Work to complete
Below is a listing. Write out exactly its lines between the one holding "مواصفات ساعة ماركة" and the one holding "Zo kan ik mij", inclusive.
** Given entries follows **
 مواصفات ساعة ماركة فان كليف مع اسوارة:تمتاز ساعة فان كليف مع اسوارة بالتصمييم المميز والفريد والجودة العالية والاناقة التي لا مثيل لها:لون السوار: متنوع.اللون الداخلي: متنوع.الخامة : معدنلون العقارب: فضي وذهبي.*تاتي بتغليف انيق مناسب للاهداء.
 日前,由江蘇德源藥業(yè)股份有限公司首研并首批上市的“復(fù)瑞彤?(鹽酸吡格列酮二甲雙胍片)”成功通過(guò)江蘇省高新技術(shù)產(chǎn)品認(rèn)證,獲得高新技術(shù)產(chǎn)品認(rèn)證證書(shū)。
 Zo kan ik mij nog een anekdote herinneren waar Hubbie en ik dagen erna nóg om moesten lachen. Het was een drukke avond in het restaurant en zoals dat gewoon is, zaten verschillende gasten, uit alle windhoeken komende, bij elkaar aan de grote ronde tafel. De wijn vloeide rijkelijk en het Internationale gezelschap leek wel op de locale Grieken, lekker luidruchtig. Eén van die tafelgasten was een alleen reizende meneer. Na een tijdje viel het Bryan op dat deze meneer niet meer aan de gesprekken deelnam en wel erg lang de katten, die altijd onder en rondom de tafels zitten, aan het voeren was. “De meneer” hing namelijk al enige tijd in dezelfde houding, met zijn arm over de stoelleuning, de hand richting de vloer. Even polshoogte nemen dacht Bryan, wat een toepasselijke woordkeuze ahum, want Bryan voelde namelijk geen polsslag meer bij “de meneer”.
** End of Given entries **
** Given entries follows **
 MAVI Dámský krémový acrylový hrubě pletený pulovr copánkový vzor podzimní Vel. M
** End of Given entries **
Solution for this exercise
 مواصفات ساعة ماركة فان كليف مع اسوارة:تمتاز ساعة فان كليف مع اسوارة بالتصمييم المميز والفريد والجودة العالية والاناقة التي لا مثيل لها:لون السوار: متنوع.اللون الداخلي: متنوع.الخامة : معدنلون العقارب: فضي وذهبي.*تاتي بتغليف انيق مناسب للاهداء.
 日前,由江蘇德源藥業(yè)股份有限公司首研并首批上市的“復(fù)瑞彤?(鹽酸吡格列酮二甲雙胍片)”成功通過(guò)江蘇省高新技術(shù)產(chǎn)品認(rèn)證,獲得高新技術(shù)產(chǎn)品認(rèn)證證書(shū)。
 Zo kan ik mij nog een anekdote herinneren waar Hubbie en ik dagen erna nóg om moesten lachen. Het was een drukke avond in het restaurant en zoals dat gewoon is, zaten verschillende gasten, uit alle windhoeken komende, bij elkaar aan de grote ronde tafel. De wijn vloeide rijkelijk en het Internationale gezelschap leek wel op de locale Grieken, lekker luidruchtig. Eén van die tafelgasten was een alleen reizende meneer. Na een tijdje viel het Bryan op dat deze meneer niet meer aan de gesprekken deelnam en wel erg lang de katten, die altijd onder en rondom de tafels zitten, aan het voeren was. “De meneer” hing namelijk al enige tijd in dezelfde houding, met zijn arm over de stoelleuning, de hand richting de vloer. Even polshoogte nemen dacht Bryan, wat een toepasselijke woordkeuze ahum, want Bryan voelde namelijk geen polsslag meer bij “de meneer”.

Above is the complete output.